> _Problem to solve_: Starting at the line that holds "Zabawne rozciągliwe zwierzątka", transcribe every line to the end of the data exactly; include no other lines.

> _Records shown_:
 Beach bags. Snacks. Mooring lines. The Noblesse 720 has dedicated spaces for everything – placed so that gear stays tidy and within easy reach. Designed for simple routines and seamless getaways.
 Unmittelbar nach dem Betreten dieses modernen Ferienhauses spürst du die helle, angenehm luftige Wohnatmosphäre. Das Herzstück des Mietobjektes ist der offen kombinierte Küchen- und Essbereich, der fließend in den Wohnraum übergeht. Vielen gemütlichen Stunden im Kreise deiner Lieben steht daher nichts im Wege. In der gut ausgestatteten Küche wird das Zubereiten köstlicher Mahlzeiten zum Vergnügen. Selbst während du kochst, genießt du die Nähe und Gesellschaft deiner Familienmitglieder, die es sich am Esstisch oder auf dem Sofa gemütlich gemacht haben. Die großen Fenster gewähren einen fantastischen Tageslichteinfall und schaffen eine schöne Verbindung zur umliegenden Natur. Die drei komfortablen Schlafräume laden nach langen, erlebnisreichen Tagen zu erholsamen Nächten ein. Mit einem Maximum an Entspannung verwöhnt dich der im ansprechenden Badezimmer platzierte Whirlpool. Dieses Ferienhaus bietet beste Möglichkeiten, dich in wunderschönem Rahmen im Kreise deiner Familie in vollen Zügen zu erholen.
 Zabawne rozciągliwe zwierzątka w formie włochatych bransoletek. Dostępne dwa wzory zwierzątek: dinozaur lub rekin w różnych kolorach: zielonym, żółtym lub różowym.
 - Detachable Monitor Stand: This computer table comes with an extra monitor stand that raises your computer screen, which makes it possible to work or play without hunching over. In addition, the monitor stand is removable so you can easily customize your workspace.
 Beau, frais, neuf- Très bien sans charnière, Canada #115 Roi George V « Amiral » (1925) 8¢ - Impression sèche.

> _Solution for this task_:
 Zabawne rozciągliwe zwierzątka w formie włochatych bransoletek. Dostępne dwa wzory zwierzątek: dinozaur lub rekin w różnych kolorach: zielonym, żółtym lub różowym.
 - Detachable Monitor Stand: This computer table comes with an extra monitor stand that raises your computer screen, which makes it possible to work or play without hunching over. In addition, the monitor stand is removable so you can easily customize your workspace.
 Beau, frais, neuf- Très bien sans charnière, Canada #115 Roi George V « Amiral » (1925) 8¢ - Impression sèche.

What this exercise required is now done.